The court then turned to Harrington’s “Home State” argument, and recited the rule at 28 U.S.C. § 1332(d)(4)(B):

A district court shall decline to exercise jurisdiction … [where] (B) two-thirds or more of the members of all proposed plaintiff classes in the aggregate, and the primary defendants, are citizens of the State in which the action was originally filed.
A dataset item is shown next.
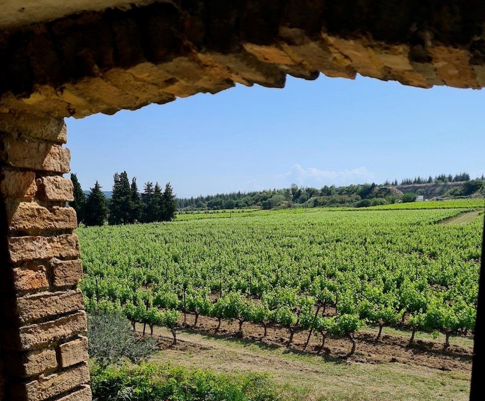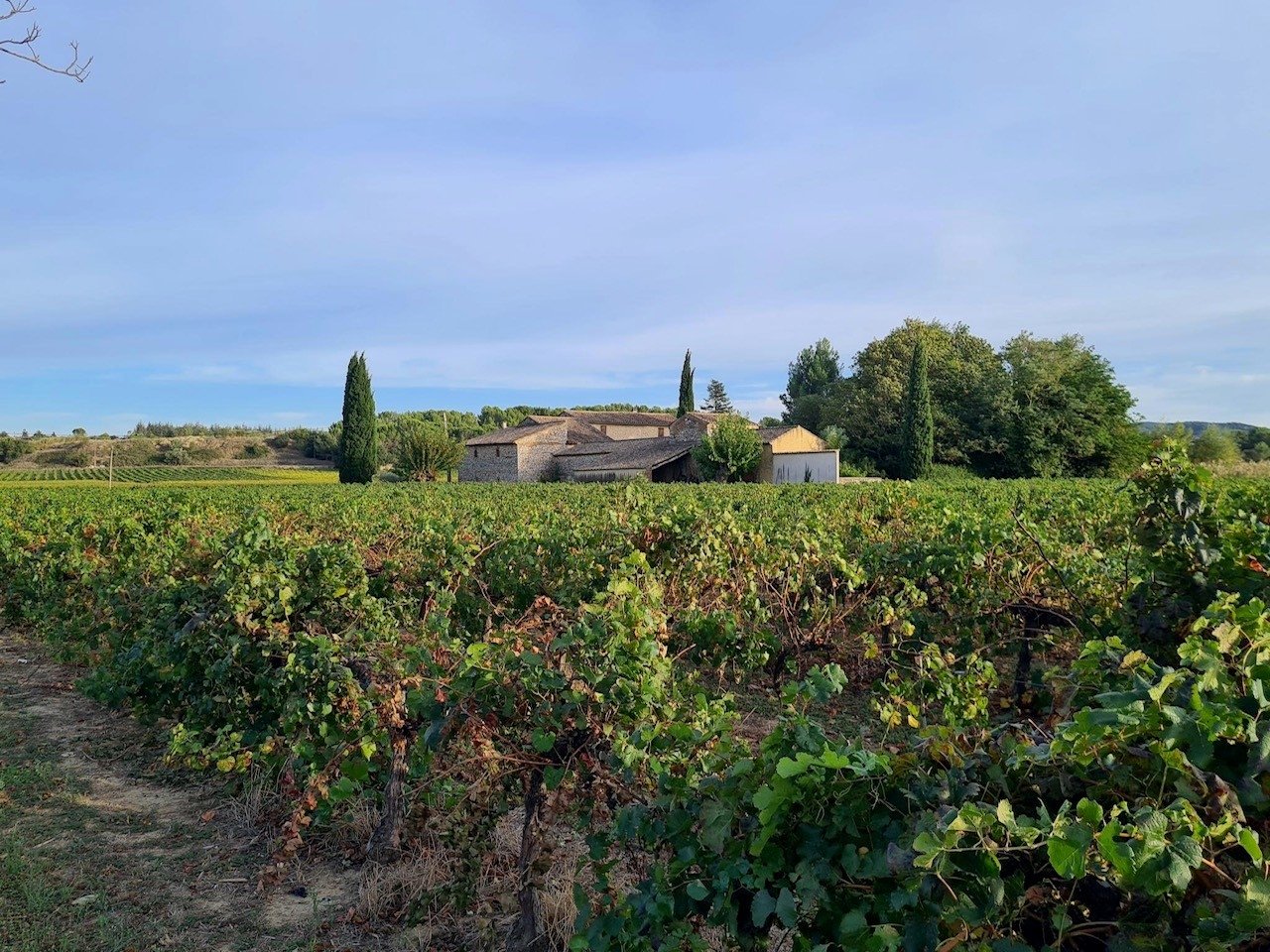 La surface totale est de 400m2 sur un jardin de 2500m2 niché au milieu des vignes

The court then reiterated the rule that the plaintiff bears the burden of showing that this exception applies. In attempting remand on this tack, Harrington argued that Mattel, headquartered in California, was the sole primary defendant because it directed the sales, marketing, and finance groups and senior management of its subsidiaries, such as Fisher-Price (which is based in New York). The Toy Icons countered that Harrington failed to carry her burden because all she proved was that Fisher-Price was a wholly-owned subsidiary of Mattel. The court agreed with the need to honor the separation accorded to a corporate parent and its subsidiary, and found that Harrington had failed to show that Fisher-Price was not a primary defendant. Therefore, the “Home State” exception did not apply and remand was denied.

In sum, Harrington’s suit against our Toy Icons stayed in federal court, she did not get the Barbie corvette she always dreamed of, and she will never get any love from Elmo, Cookie Monster, or any of our other friends at Mattel or Fisher-Price – except maybe Oscar the Grouch.